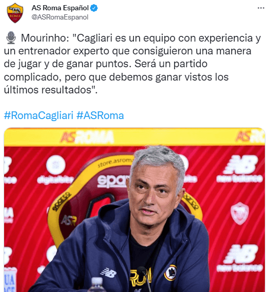 La Loba pretende recuperarse debido a que acumula tres presentaciones sin ganar, con un empate y las dos recientes derrotas frente a Milan (3-1) y Juventus (4-3). En este escenario, el elenco dirigido por el portugués José Mourinho, que cuenta en el plantel con el uruguayo Matías Viña, se encuentra en la séptima posición de la tabla, con 32 unidades y a tres de Lazio, que ingresaría a la próxima edición de la UEFA Europa Conference League.
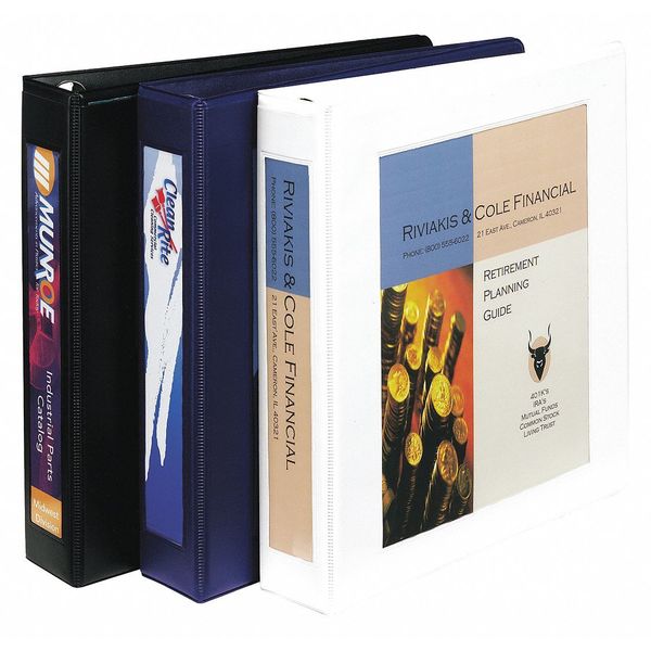 Description Color Family - Binders White, 3-Ring Binder, Ring Type - Binders D-Ring, Ring Size - Binders 1 1/2 in, Cover Type - Binders Clear Sleeve, Sheet Size - Binders 8-1/2 in x 11 in, Durability - Binders Standard, Sheet Capacity - Binders 375, Features - Binders Finger Print Resistant, Nonstick, Rings Mounted on Back Cover, Basic Material - Binders Vinyl, Specific Material Vinyl, Color White, Number of Rings 3, Item 3-Ring Binder
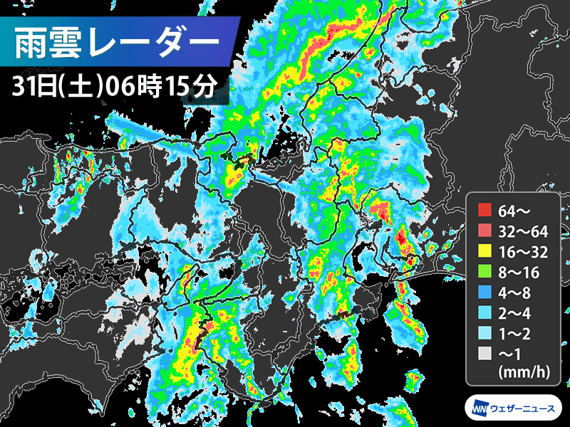台風の東側の活発な雨雲が紀伊半島にかかっていて、台風に吹き込む南東からの風が紀伊山地にぶつかることで雨雲は一層発達するとみられます。局地的に1時間に50mm以上の非常に激しい雨の降るおそれがあるため警戒が必要です。
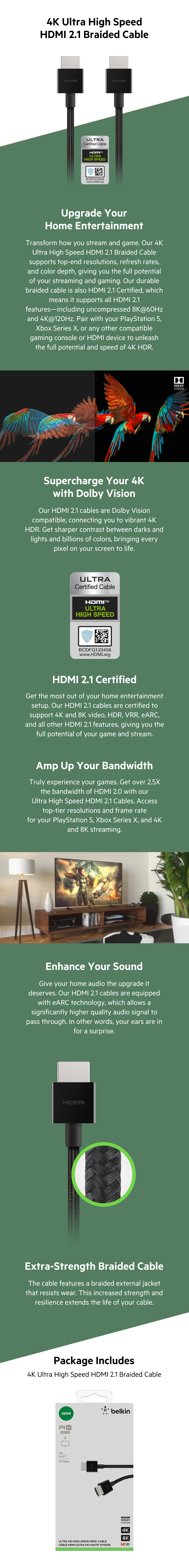 Our durable braided cable is also HDMI 2.1 Certified, which means it supports all HDMI 2.1 features—including uncompressed 8K@60Hz and 4K@120Hz.
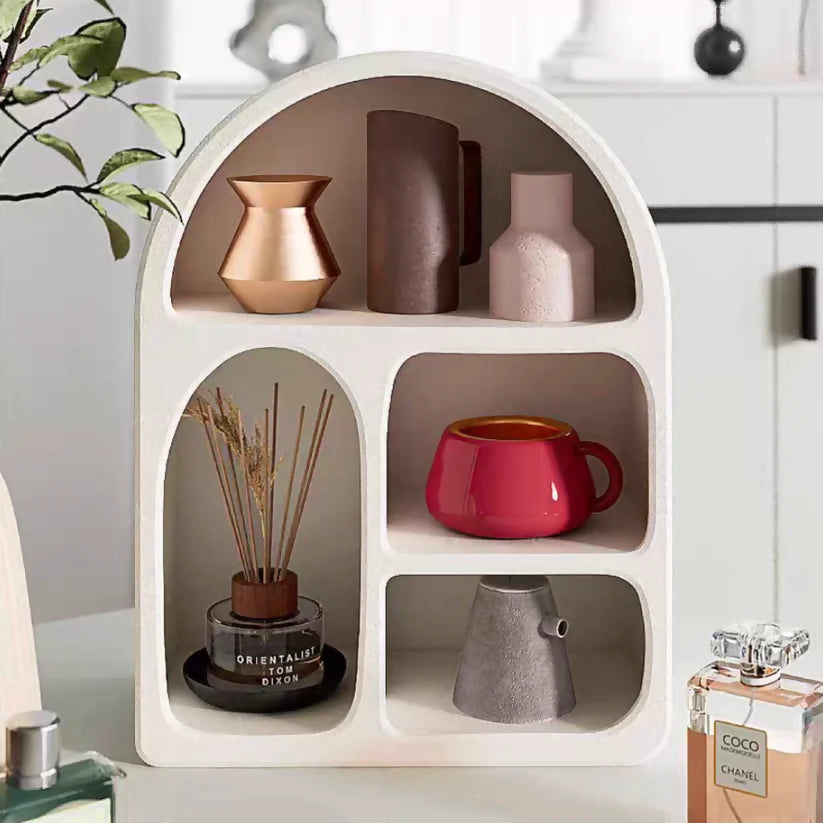 Con 4 nichos de almacenamiento, este estante ofrece espacio suficiente para organizar y exhibir tazas, velas, libros, accesorios o pequeños electrodomésticos. Su diseño limpio, sin detalles recargados, lo convierte en un complemento versátil, ideal para la cocina, sala, dormitorio, estudio o espacios más pequeños que necesitan orden con estilo.

--*--

**Exercise objective**: Can you quote exactly, and only, the lines from the one containing "台風の東側の活発な雨雲が紀伊" through the last line of the records above, keeping both ends and leaving out any pictures?

**Response box**:
台風の東側の活発な雨雲が紀伊半島にかかっていて、台風に吹き込む南東からの風が紀伊山地にぶつかることで雨雲は一層発達するとみられます。局地的に1時間に50mm以上の非常に激しい雨の降るおそれがあるため警戒が必要です。
 Our durable braided cable is also HDMI 2.1 Certified, which means it supports all HDMI 2.1 features—including uncompressed 8K@60Hz and 4K@120Hz.
 Con 4 nichos de almacenamiento, este estante ofrece espacio suficiente para organizar y exhibir tazas, velas, libros, accesorios o pequeños electrodomésticos. Su diseño limpio, sin detalles recargados, lo convierte en un complemento versátil, ideal para la cocina, sala, dormitorio, estudio o espacios más pequeños que necesitan orden con estilo.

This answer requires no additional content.